The U.S. Federal Trade Commission has cleared Pfizer Inc.’s plan to acquire Hospira for $90 a share. Pfizer said they expect the deal to close in September.
Hospira submitted a Biologics License Application (BLA) to the U.S. Food and Drug Administration (FDA) for Retacrit, a proposed biosimilar to Amgen’s Epogen (epoetin alfa) and Janssen’s Procrit (epoetin alfa).
Agencies require divestitures
To receive the clearance, the FTC is requiring Pfizer to divest four U.S. sterile injectable assets, including Acetylcysteine, Clindamycin, Voriconazole and Melphalan.
The European Commission granted approval Aug. 4, after requiring Pfizer to divest the development, manufacturing and marketing rights of its Infliximab biosimilar drug.

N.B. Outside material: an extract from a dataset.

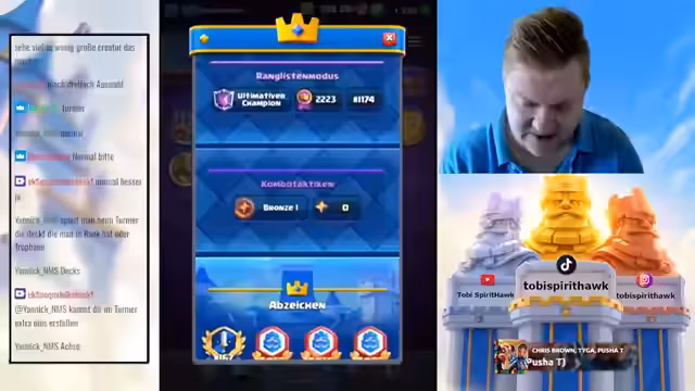 04:11:22Das Turnier ist beendet, und der Streamer gratuliert Soka zum ersten Platz, Ben zum zweiten und Felix zum dritten Platz. Er bedankt sich bei den Teilnehmern für die spannenden Turniere, erwähnt aber, dass er am Ende etwas die Konzentration verloren hat und keine weiteren Turniere mehr spielen möchte. Er bietet seinen QR-Code für Freundschaftsanfragen an, insbesondere für die Top-4-Spieler des Turniers. Obwohl er erschöpft ist, überlegt er, noch ein paar Ranglistenspiele in Clash Royale zu machen oder zu Brawl Stars zu wechseln, da die Ranked Season dort heute endet und er noch keine Ranglistenspiele gespielt hat. Er äußert seine Frustration über die Boss Bandit-Karte und andere Hardcounter, die sein Deck in Clash Royale stark beeinträchtigen. Trotz der Erschöpfung plant er, den Stream mit Brawl Stars fortzusetzen, da er dort noch Ranglistenspiele nachholen muss.

Pfizer will keep the marketing rights for the drug outside of Europe, the Wall Street Journal reported.
“This is not just about keeping prices low for patients and health care services,” the EU’s antitrust chief Margrethe Vestager told the Journal. “We have also made sure that the merger of Pfizer/Hospira doesn’t stand in the way of the research and development of medication that could have huge benefits for society.”
The Canadian Competition Bureau granted approval Aug. 14, with respect to its pending acquisition of Hospira (NYSE: HSP). As part of its agreement with the Canadian Competition Bureau, Pfizer has agreed to sell the Canadian assets related to its marketed injectable cytarabine products, injectable epirubicin products, and oral tablet methotrexate products, as well as Hospira’s pipeline injectable voriconazole product.